The following items were measured and evaluated for the aqueous pigment dispersions produced in Examples 2, 4, 6, 8 and Comparative Examples 1-2.
<Number of coarse particles immediately after preparation (initial value)>
The aqueous pigment dispersions produced in Example 2 and Comparative Examples 1 and 2 were diluted 2000 times and measured with Accusizer 780APS (made by International Business Corporation). The number of coarse particles was converted to the number of particles per mL of the aqueous pigment dispersion before dilution.

<Number of coarse particles after storage stability test (after stability test)>
The aqueous pigment dispersions produced in the examples and comparative examples were allowed to stand in a heating and cooling thermostat for 3 days, and the number of coarse particles was measured by the same method as described above.
The above results are shown below. The notation in the table was determined according to the following criteria.
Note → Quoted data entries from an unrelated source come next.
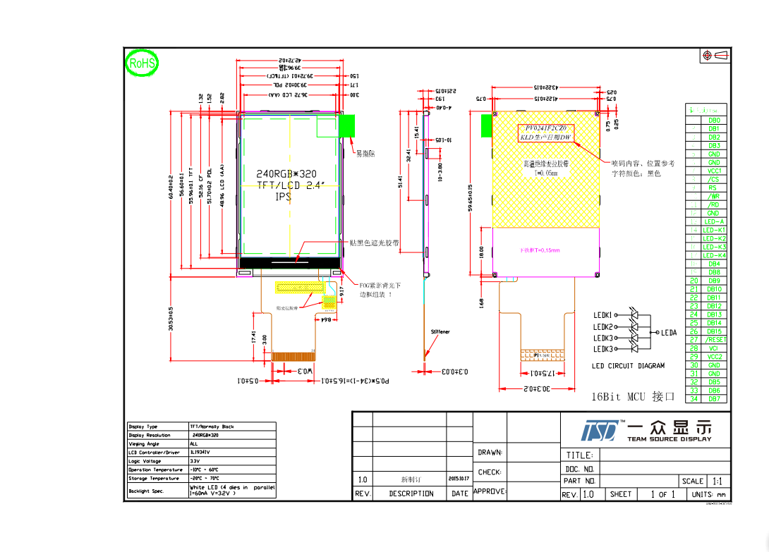 2.4寸IPS液晶显示屏 240*320分辨 全视角 高对比度 智能电气 测试设备用TFT 厂家直销5寸TFT IPS型720*1280可带TP触摸 可定制支持树莓派MIPI液晶显示屏 超宽视角 高清显示 适用于智能电子产品
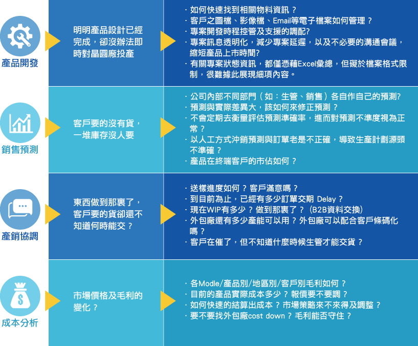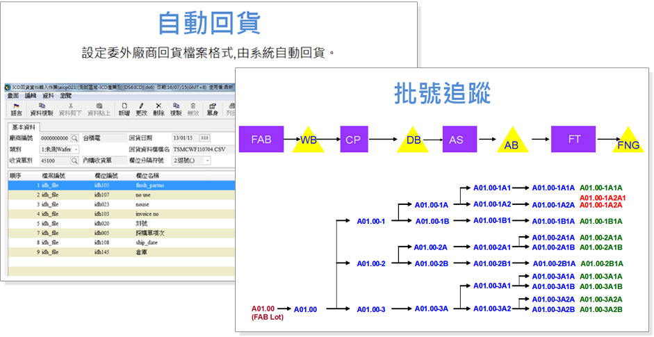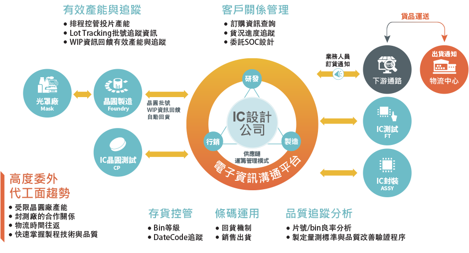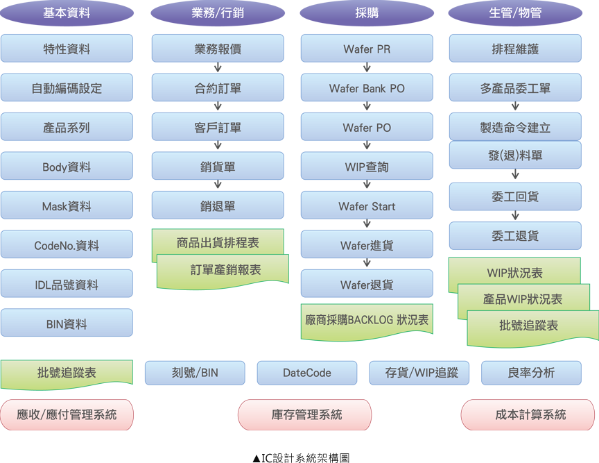 刻號(hào)/批號(hào)/Datecode/BIN管理,一直是IC設(shè)計(jì)業(yè)十分重要的管理議題,鼎新在IC設(shè)計(jì)產(chǎn)業(yè)超過150家的輔導(dǎo)經(jīng)驗(yàn),提供的方案除了業(yè)界最重視的外包回貨與外包進(jìn)度(WIP Status)、自動(dòng)發(fā)委外工單,也提供企業(yè)更精準(zhǔn)的成本分析,與各項(xiàng)銷售預(yù)測分析、專案管理,另外在虛擬工廠的即時(shí)管理與智慧排程方案,讓供應(yīng)鏈整合更加即時(shí)與智慧。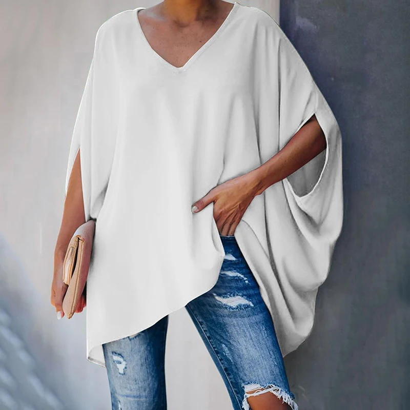 Blusa de Manga Morcego Com Decote Em V, tamanho ampla.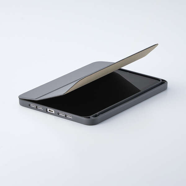 持ち歩き時に画面を保護するフラップ付きです。フラップを閉じるとスリープモードになり、開けるとスリープから復帰します。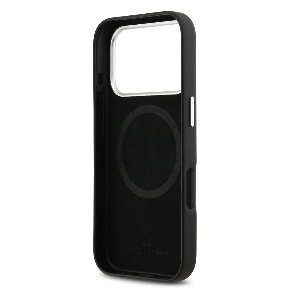 Apple iPhone 17 Pro Case BMW Original Licensed M-Safe Charging Feature Metal Logo Full Cover Leather Cover - 17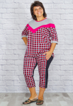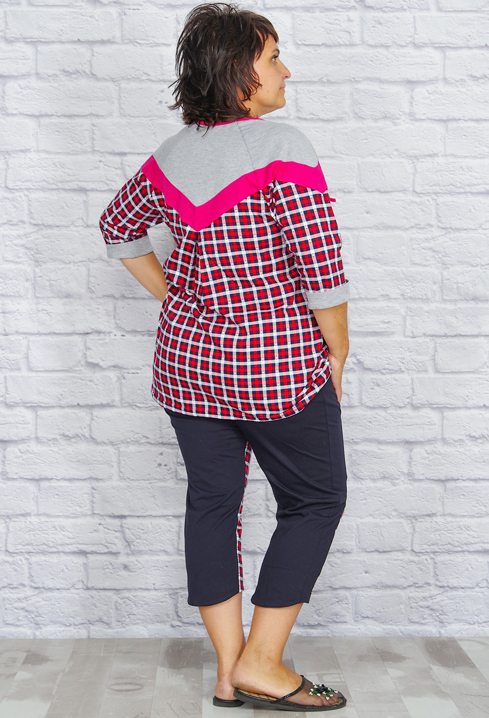 У бридж оригинально скомбинированы однотонная и клетчатая ткани, пояс на резинке и кокетка.

  As shown in Examples 2, 4, 6, and 8, the aqueous pigment dispersion subjected to Step 1 maintained the initial value and the number of coarse particles at an extremely low level even after the stability test. Further, as shown in Example 4, the aqueous pigment dispersion containing the surfactant was an aqueous pigment dispersion having a large number of coarse particles and high stability. As shown in Example 6, the aqueous pigment dispersion in which the resin amount in Step 1 and Step 2 was changed maintained the initial value, and the number of coarse particles was extremely low even after the stability test. As shown in Example 8, the aqueous pigment dispersion in which the resin type in Step 1 and Step 2 was changed maintained the initial value, and the number of coarse particles was extremely low even after the stability test. In contrast, the aqueous pigment dispersions of Comparative Example 1 (Step 1 only) or Comparative Example 2 (Step 2 only) both had a large number of coarse particles. From the above, through Step 1 and Step 2, even if a pigment dispersion is produced with different resin amounts and different resin types, a dispersion excellent in reduction of the number of coarse particles and long-term storage stability can be produced. I can say that.

Claims (5)

A pigment, a resin (A) having an anionic group, and a neutralizing agent that neutralizes the anionic group are mixed, and slurryed in water or a liquid medium containing water as a main component, followed by spray drying or freeze drying. Step (1) for obtaining a composite pigment, and step (2) for kneading a mixture containing the composite pigment obtained in step (1), a water-soluble organic solvent, and a resin (B) having an anionic group. A method for producing a pigment kneaded product, comprising: The pigment kneaded material according to claim 1, wherein the ratio of the pigment to the resin (A) having an anionic group in the step (1) is in the range of resin weight / pigment weight = 0.15 to 0.40. Manufacturing method. In the step (2), the mass of the mixture being kneaded using a closed kneader equipped with a sealable stirring tank and uniaxial or multiaxial agitating blades is 90 mass relative to the charged amount before kneading. The method for producing a pigment kneaded product according to claim 1 or 2, wherein the method is a step of kneading so as to be maintained within a range of at least%. The method for producing a pigment kneaded material according to any one of claims 1 to 3, which is a method for producing a pigment kneaded material used for producing an ink for inkjet recording. A method for producing an aqueous pigment dispersion, wherein water or a liquid medium containing water as a main component is added to the pigment kneaded product obtained by the production method according to any one of claims 1 to 4 and is liquefied by stirring.